* **PROVIDED MATERIAL**:
──────────────────────────────

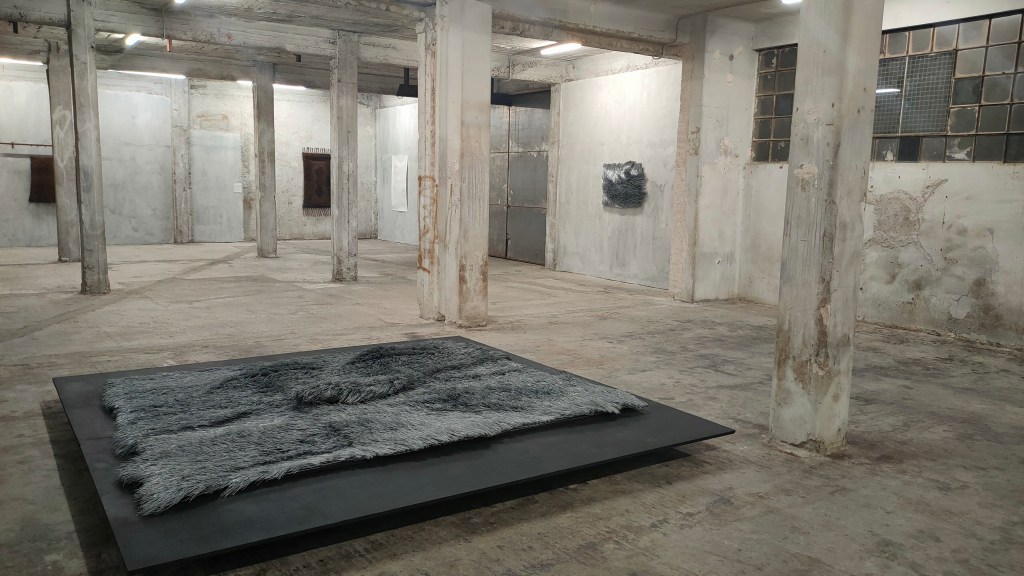 Upon entering the upper storey of this space, you will come across the work of Hermione Syrogianopoulou, who has developed an artistic practice which explores the processes of weaving and rug-making, via the use of metal wires and threads. Her metal furs, textiles, and flokati-style rugs take over the space and create an interesting dialogue with its post-industrial character.
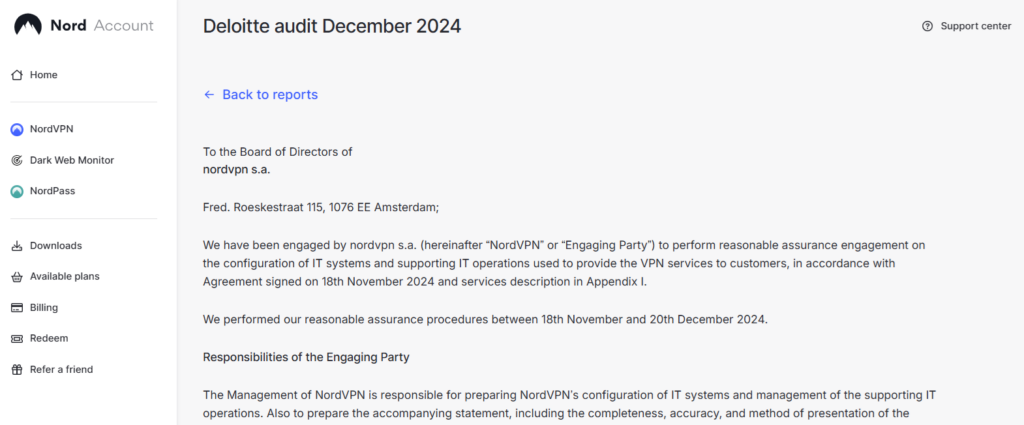 NordVPN doesn’t track what you do online—a claim confirmed by five independent audits, most recently by Deloitte in 2024. The company also publishes detailed transparency reports on a regular basis, explaining how it handles government and law enforcement requests for user data. Among its competitors, NordVPN’s privacy audits stand out for their thoroughness and frequency.
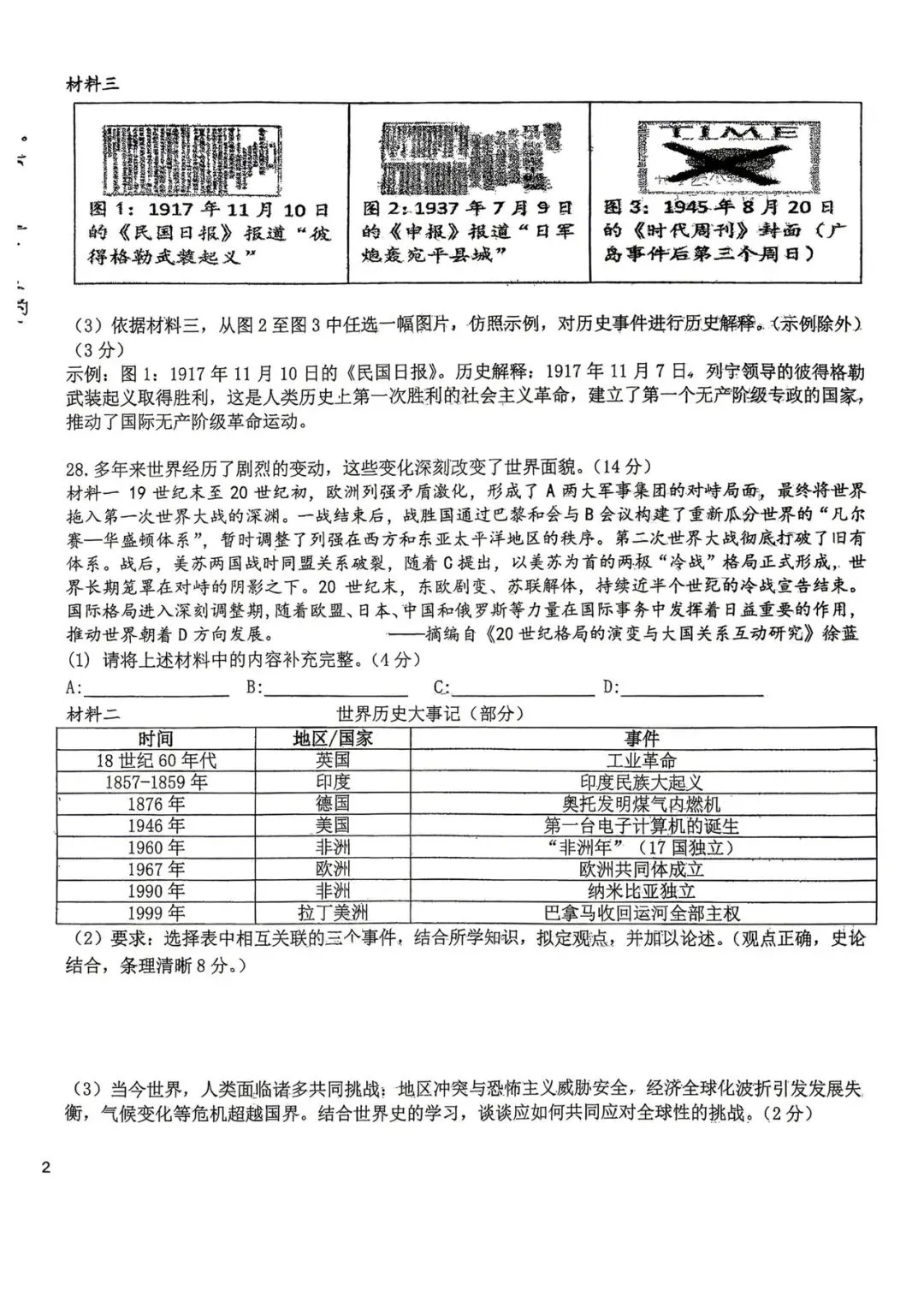 图3:1945年8月20日《时代周刊》。历史解释:1945年8月,美国向日本广岛投放原子弹,加速了日本法西斯的投降和二战的结束。(3分)
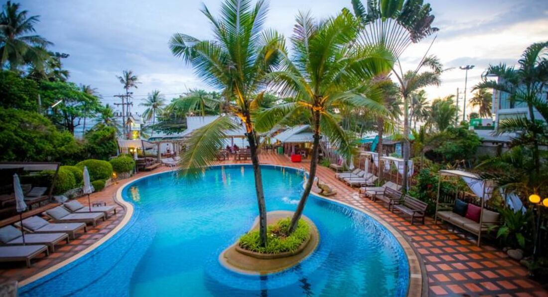Отдыхали в данном отеле в январе 2014 года. Очень понравился сам Тай. Если начинать свое путешествие то только с него. Понравилось очень его зеленая территория.Прежде чем выбрать этот отель прочитала отзывы о нем. И встречал на ресепшене Антон или как там его зовут не помню, вместо номера в отеле он нам предложил бунгало. Это просто было супер. Был маленький рай.Территорию отеля хорошо убирают, следят. Завтраки не сказать что прямо роскошь, но терпимо. Голодными не будешь. Персонал приветливый. ОЧень понравилось что среди многоэтажный отелей, такой райский уголок. Выход в море очень хороший. Море конечно с островами не сравнится. Ресторан при отеле тоже очень ничего вкусно готовят. Семейный отель. Иногда правда раздражали пьяные отдыхающие. Они там есть.

──────────────────────────────

* **WORK TO BE COMPLETED**: Restate verbatim the lines that begin at the one holding "图3:1945年8月20日《" and end at the last line of the material. Exclude pictures.

* **REPLY TO THE TASK**:
 图3:1945年8月20日《时代周刊》。历史解释:1945年8月,美国向日本广岛投放原子弹,加速了日本法西斯的投降和二战的结束。(3分)
Отдыхали в данном отеле в январе 2014 года. Очень понравился сам Тай. Если начинать свое путешествие то только с него. Понравилось очень его зеленая территория.Прежде чем выбрать этот отель прочитала отзывы о нем. И встречал на ресепшене Антон или как там его зовут не помню, вместо номера в отеле он нам предложил бунгало. Это просто было супер. Был маленький рай.Территорию отеля хорошо убирают, следят. Завтраки не сказать что прямо роскошь, но терпимо. Голодными не будешь. Персонал приветливый. ОЧень понравилось что среди многоэтажный отелей, такой райский уголок. Выход в море очень хороший. Море конечно с островами не сравнится. Ресторан при отеле тоже очень ничего вкусно готовят. Семейный отель. Иногда правда раздражали пьяные отдыхающие. Они там есть.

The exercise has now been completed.